Print exactly the first lines of the records. Stop after the line containing "abrasion to the", and leave every picture out.

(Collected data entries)
○ ○ ○
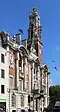 Between 1550 and 1600, a large number of weavers and clothmakers from Flanders emigrated to Colchester and the surrounding areas.[50] They were famed for the production of "Bays and Says" cloths which were woven from wool and are normally associated with baize and serge although surviving examples show that they were rather different from their modern equivalents.[51] An area in Colchester town centre is still known as the Dutch Quarter and many buildings there date from the Tudor period. During this period Colchester was one of the most prosperous wool towns in England and was also famed for its oysters.[50] Flemish refugees in the 1560s brought innovations that revived the local cloth trade, establishing the Dutch Bay Hall for quality control of the textiles for which Colchester became famous.[52] The old Roman wall runs along Northgate Street in the Dutch Quarter.
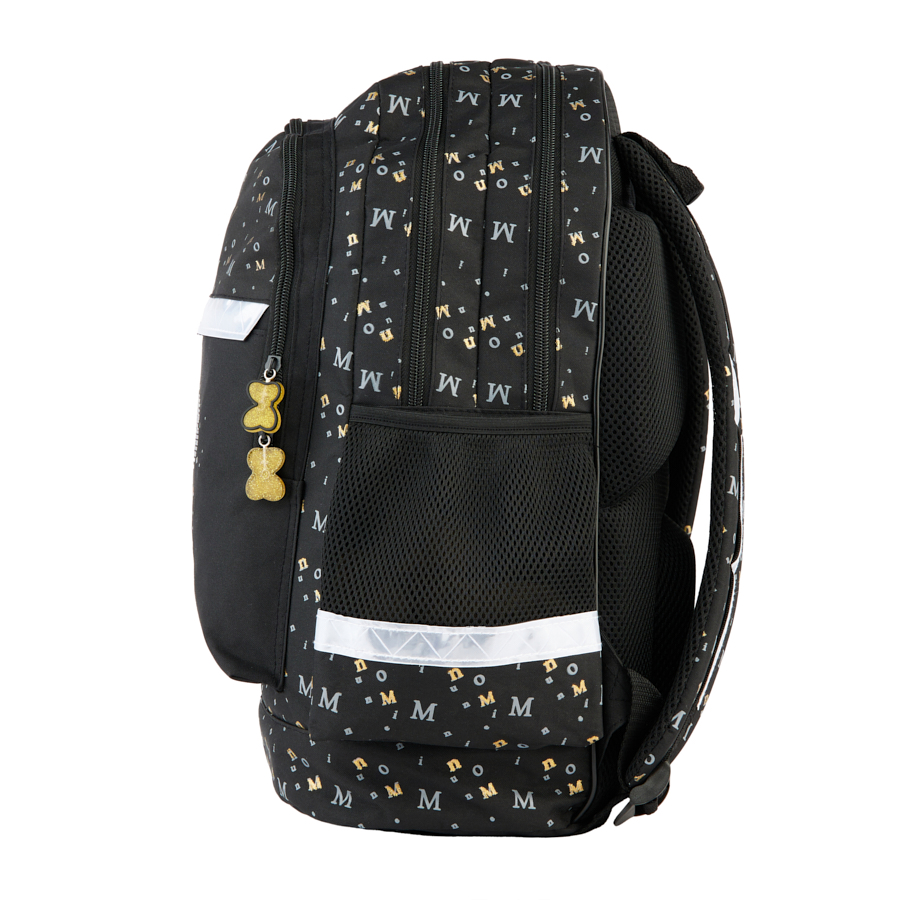 Plecak szkolny Minnie. Plecak posiada dwie pojemne komory oraz dwie duże kieszenie frontowe. Dodatkowo jest wyposażony w dwie boczne kieszonki z siatki, które doskonale nadają się do przechowywania drobniejszych akcesoriów lub butelki z napojem. Usztywnione gąbką, ergonomiczne wyprofilowane plecy oraz regulowane szelki pokryte miękkim materiałem zapewniają dziecku prawidłową postawę i odciążają kręgosłup. Plecak wyposażony jest w usztywnione dno, wzmocnione i zabezpieczone gumowymi stopkami. Na froncie, bokach i z tyłu posiada elementy odblaskowe, które zwiększają bezpieczeństwo. Uszyty jest z materiału odpornego na przemakanie. Idealnie sprawdzi się zarówno w szkole czy na wycieczce.
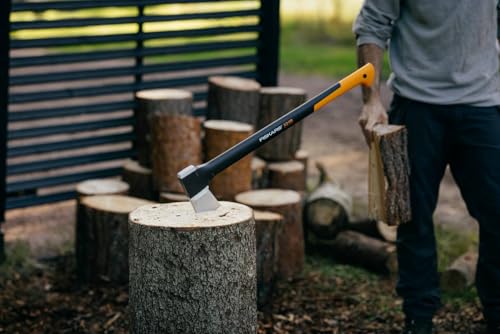 Fiskars Spaltaxt, Inklusive Klingen- und Transportschutz, Länge: 71 cm, Antihaftbeschichtet, Hochwertige Stahl-Klinge/Glasfaserverstärkter Kunststoff-Stiel, Schwarz/Orange, X21–L, 1,63 kg, 1015642
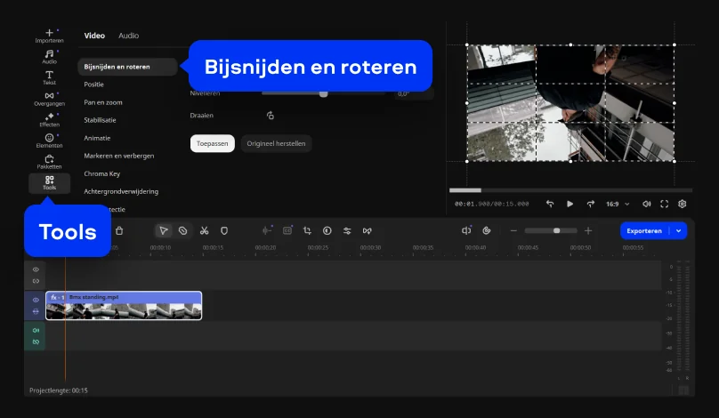 Wat dit handig maakt, is de snelheid. Ik klik een paar keer om de video te draaien, bekijk het resultaat en pas het zo nodig nog een keer aan. Binnen een paar minuten is het klaar.
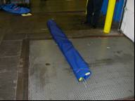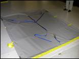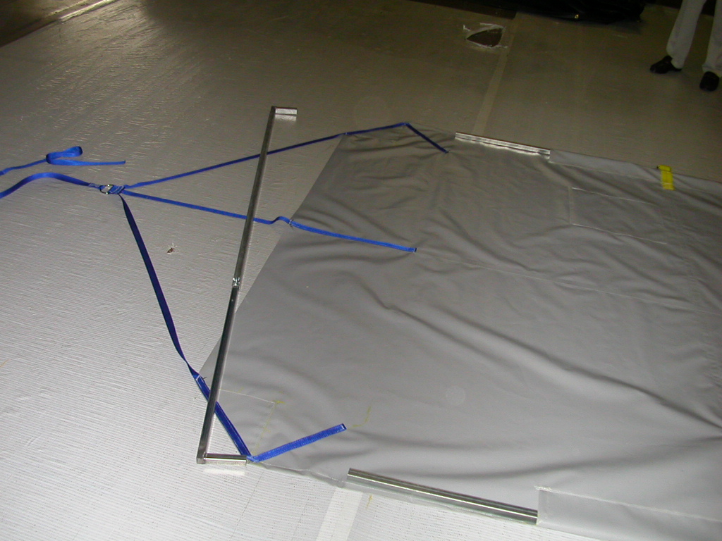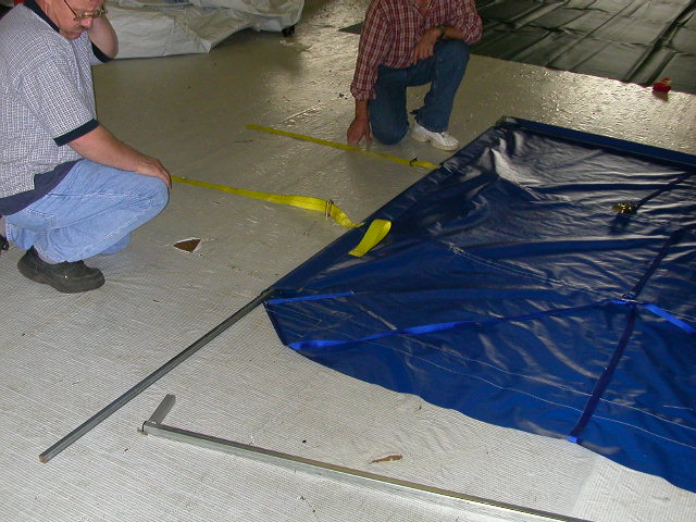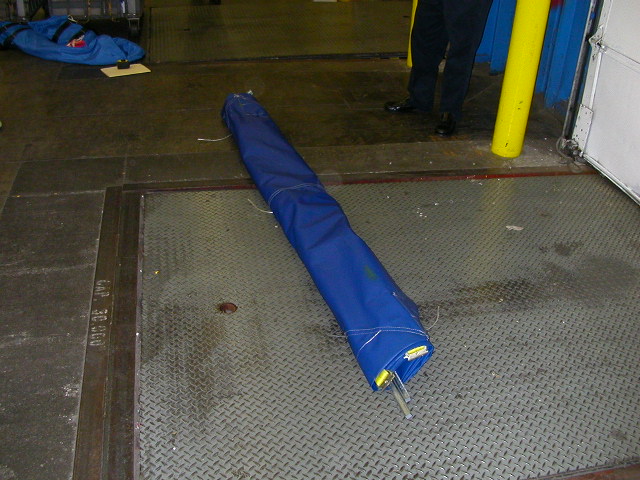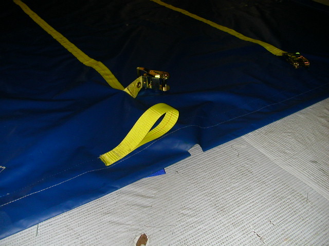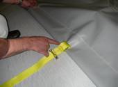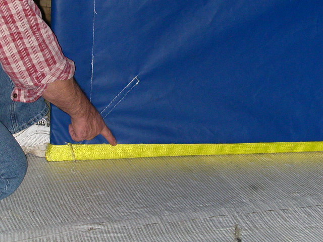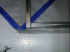 abrasion to the webbing reinforcement on the bottom of the curtain when
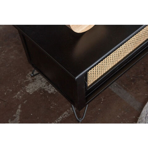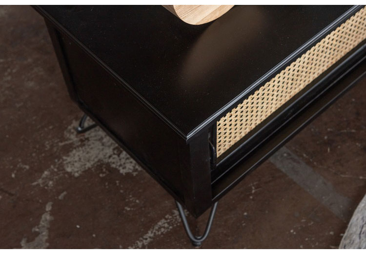 ●温かみがありながら、クールな印象も与えるブラックのウッド素材と、モダンな雰囲気のある天然ラタンの組み合わせは重厚感あるブラックにラタンのベージュが差し色になり、お部屋に圧迫感を与えず抜け感のあるトレンド感溢れるデザインに。
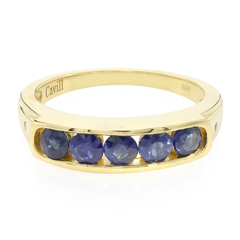 Dieser exquisite Ring zeigt die zeitlose Schönheit von Myanmar-Saphiren, ergänzt durch funkelnde Zirkon-Akzente. Das Schmuckstück aus 925er Sterlingsilber mit einer opulenten Goldplattierung hat ein Gesamtgewicht von 0,825 Karat. Die Saphire im Rundschliff, die für ihren tiefblauen Farbton bekannt sind, strahlen Eleganz aus, während die zarten Zirkone einen Hauch von Brillanz hinzufügen. Dieser Ring eignet sich perfekt für Abendveranstaltungen oder als raffiniertes Accessoire für den Alltag und ist eine bezaubernde Ergänzung für jede Schmucksammlung.
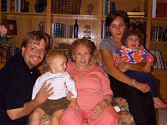 Evelyn with two of her three grandchildren, Scott and Jeannette, and her two youngest great-grandchildren, Niko and Alyssa. |
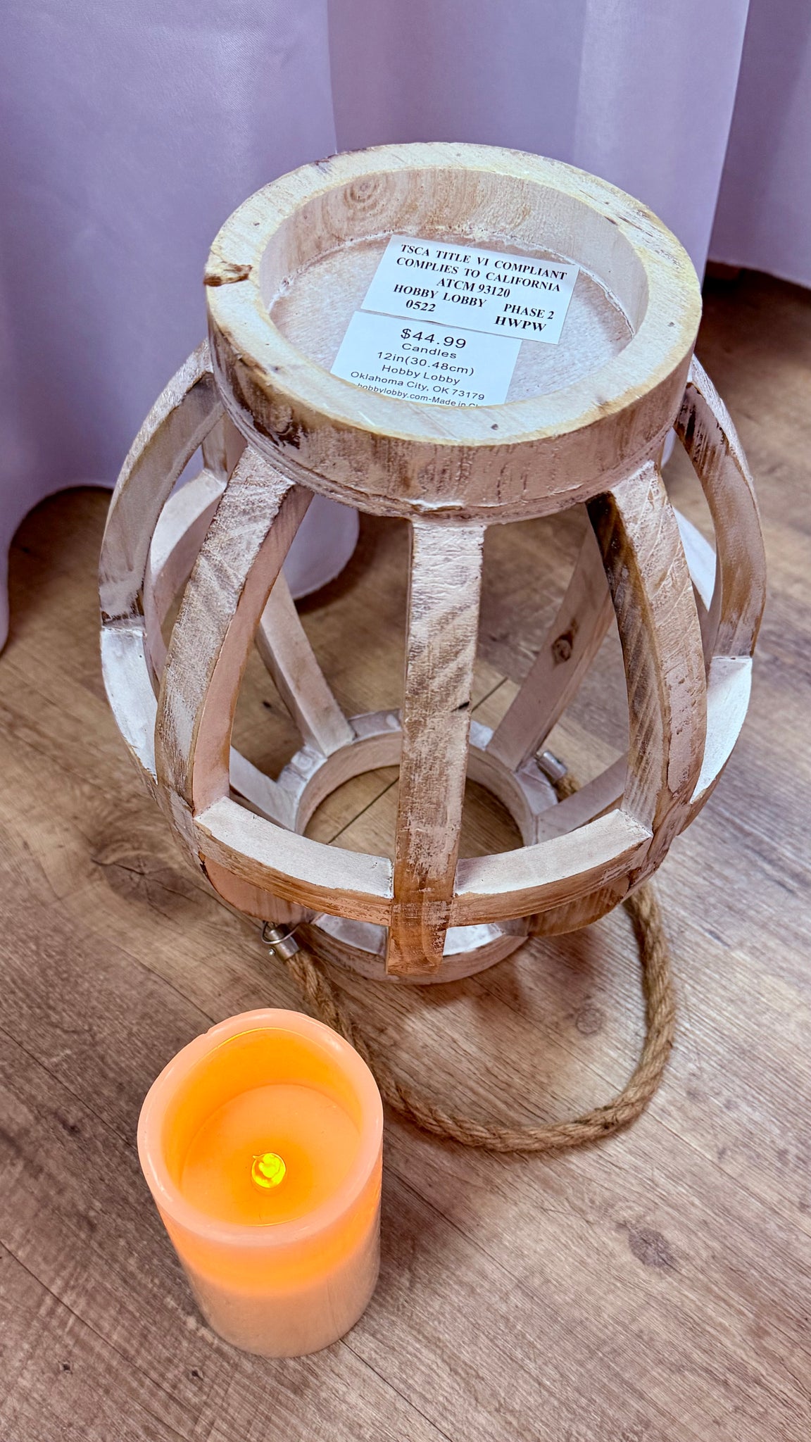 LEGO200-B Whitewash Lantern + Battery Operated Pillar Candle
○ ○ ○
# Output of the task
 Between 1550 and 1600, a large number of weavers and clothmakers from Flanders emigrated to Colchester and the surrounding areas.[50] They were famed for the production of "Bays and Says" cloths which were woven from wool and are normally associated with baize and serge although surviving examples show that they were rather different from their modern equivalents.[51] An area in Colchester town centre is still known as the Dutch Quarter and many buildings there date from the Tudor period. During this period Colchester was one of the most prosperous wool towns in England and was also famed for its oysters.[50] Flemish refugees in the 1560s brought innovations that revived the local cloth trade, establishing the Dutch Bay Hall for quality control of the textiles for which Colchester became famous.[52] The old Roman wall runs along Northgate Street in the Dutch Quarter.
 Plecak szkolny Minnie. Plecak posiada dwie pojemne komory oraz dwie duże kieszenie frontowe. Dodatkowo jest wyposażony w dwie boczne kieszonki z siatki, które doskonale nadają się do przechowywania drobniejszych akcesoriów lub butelki z napojem. Usztywnione gąbką, ergonomiczne wyprofilowane plecy oraz regulowane szelki pokryte miękkim materiałem zapewniają dziecku prawidłową postawę i odciążają kręgosłup. Plecak wyposażony jest w usztywnione dno, wzmocnione i zabezpieczone gumowymi stopkami. Na froncie, bokach i z tyłu posiada elementy odblaskowe, które zwiększają bezpieczeństwo. Uszyty jest z materiału odpornego na przemakanie. Idealnie sprawdzi się zarówno w szkole czy na wycieczce.
 Fiskars Spaltaxt, Inklusive Klingen- und Transportschutz, Länge: 71 cm, Antihaftbeschichtet, Hochwertige Stahl-Klinge/Glasfaserverstärkter Kunststoff-Stiel, Schwarz/Orange, X21–L, 1,63 kg, 1015642
 Wat dit handig maakt, is de snelheid. Ik klik een paar keer om de video te draaien, bekijk het resultaat en pas het zo nodig nog een keer aan. Binnen een paar minuten is het klaar.
 abrasion to the webbing reinforcement on the bottom of the curtain when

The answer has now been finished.